Cosas de las que mejor no hablar

Sólo hay un tema en el que me haya autocensurado en este blog: la batalla del 4 de abril de 2004 en Nayaf. “The powers to be” en España decidieron que de ese tema no debía hablarse y cuando consulté a la persona que en España más sabe del tema para confirmar unos datos comprendí que no era cuestión de buscarse líos. Tampoco le di muchas vueltas. Pretendía escribir una entrada de blog, no una investigación periodística. Pero últimamente no paro de pensar en qué contar y qué no de lo que me ronda la cabeza. El problema no son los poderes o las leyes, sino las turbas de bien pensantes. En la era de la post-verdad, da igual los datos y los hechos, sino los sentimientos.
El otro día vi que habían cesado fulminantemente al cónsul español en Washington por “burlarse del acento andaluz” en Facebook. Como canario que soy, el tema de los acentos periféricos me toca de cerca, así que estuve a punto de hacer un comentario en la página de Facebook de Guerras Posmodernas. A los días alguien contó en Twitter que el ex-cónsul participaba en un grupo de Facebook donde manejaban en clave interna imitar el estilo de escribir de un miembro del grupo. Parece que era así y que el asunto había sido sacado de contexto.
En Google han despedido a un trabajador por las ideas vertidas en un foro interno de la empresa. Copio y pego de Juan Soto Ivars:
Un trabajador de Google publicó en un foro interno donde los trabajadores discuten toda clase de asuntos su opinión sobre las políticas de género de la compañía. Según él, la brecha entre mujeres y hombres en ingeniería informática se debe a cuestiones biológicas. En general, las mujeres prefieren puestos más relacionados con las relaciones públicas y los hombres con la programación solitaria.
Su “manifiesto” era, por tanto, su opinión. Otros discutían con él en el foro, entre ellos la directora de diversidad de Google, Danielle Brown, que le respondió por qué piensa ella que está equivocado.
Pues bien: los textos se filtraron a la prensa. Gizmodo publicó el “manifiesto” y las redes sociales hicieron el resto del trabajo.
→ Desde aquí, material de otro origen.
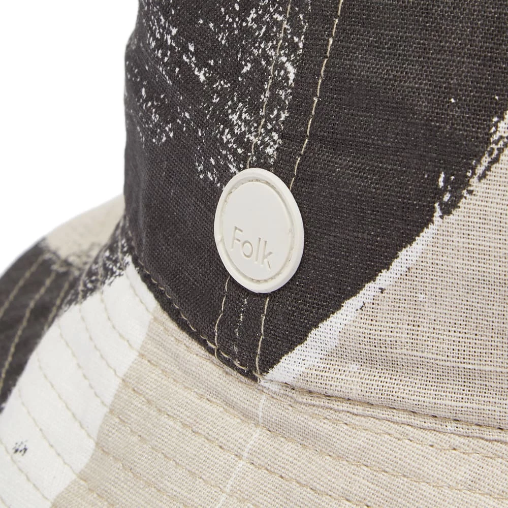 Perfect for the summer, Folk’s bucket hat is made in Portugal from cooling linen with a full brim to help protect you from the sun. It’s decorated with a unique graphic print and a branded rubber patch on the front.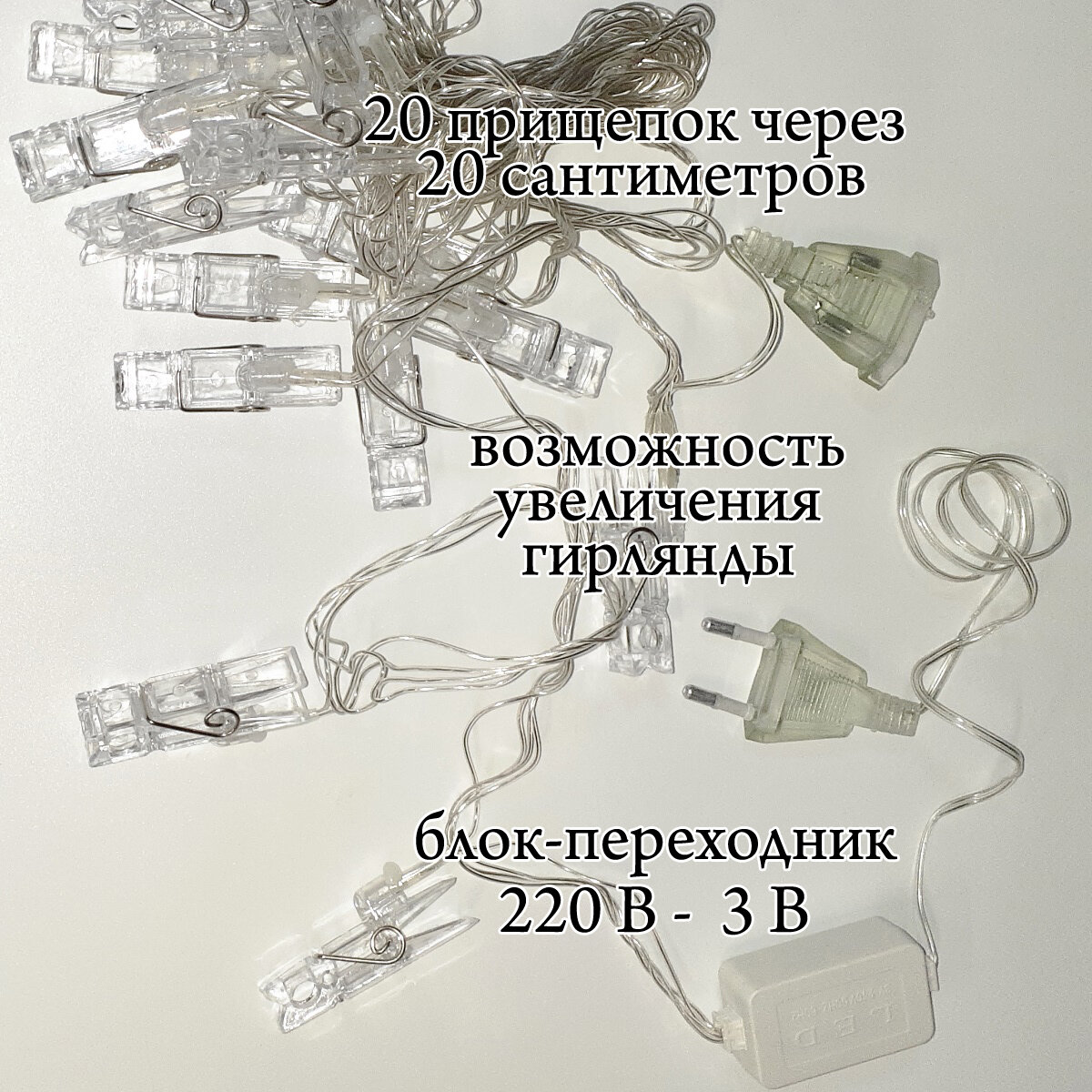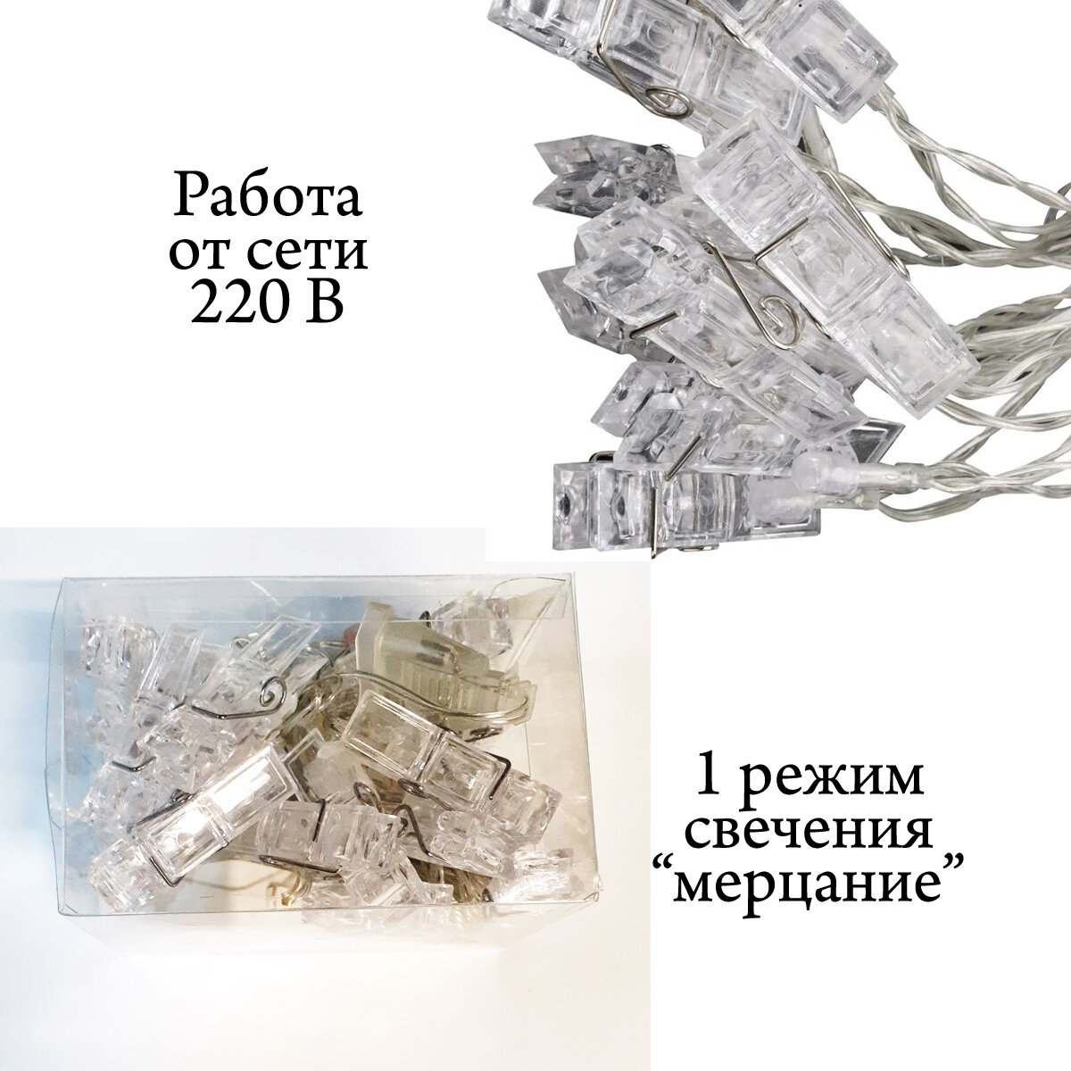 Гирлянда 20 Цветных прищепок для фотографий 220в информация:

Lo que era una discusión interna entre trabajadores de una empresa se salda con un escándalo, y con el despido del tipo que dijo lo que pensaba en un foro donde la compañía anima a los trabajadores a que hagan exactamente eso.
Son los pasos que siempre se repiten en Arden las redes. 1) Alguien dice algo confiando en que hay libertad de expresión, 2) el mensaje se filtra, se deforma y se magnifica en la prensa, 3) las redes arden, 4) quien se expresó paga, y 5) la empresa se limpia las manos. ¿Qué mensaje nos dan estas explosiones? Que hay cosas que, si piensas, es mejor no decir. Es decir: que ya no hay libertad de expresión.
Precisamente Juan Soto Ivars es el autor del libro Arden las redes. La poscensura y el nuevo mundo virtual, que tengo pendiente de leer. Voy a interrumpir mis lecturas sobre Guerras Posmodernas y la Nueva Guerra Fría con este libro porque me preocupa cómo hemos llegado a aquí. El otro día pedí disculpas en la página de Facebook de Guerras Posmodernas por publicar una nueva noticia sobre los buques de ONGs que se dedican a recoger migrantes de manos de las mafias y trasladarlos a Europa. No es un asunto que tenga que ver directamente con las Guerras Posmodernas pero me llamó la atención descubrir que no concordaba el discurso de la prensa española con la realidad. Algún lector me animó a seguir escribiendo del tema, pero la cuestión es que percibo que hay temas que a día de hoy son radiactivos porque hay un discurso en los medios de cuyos márgenes uno no puede salir aunque se tenga en la mano las estadísticas oficiales del Brottsförebyggande rådet sueco sobre violaciones a menores. El hecho es que el ministro de Interior pidió disculpas por decir algo que está recogido en informes de FRONTEX o ha repetido en la prensa italiana un magistrado en Sicilia. Me pregunto, ¿cómo se crean esas verdades públicas absolutas que nadie puede cuestionar?  Y si un ministro de Interior se tiene que disculpar por afirmar hechos ciertos ante la presión pública, ¿qué puedo esperar yo? Soy autónomo y trato de abrirme camino publicando en think-tanks y medios de comunicación, no quiero suicidarme laboralmente. Pero no dejo de pensar que estamos escondiendo bajo la alfombra problemas que van a terminar por estallar. Hemos creado un monstruo.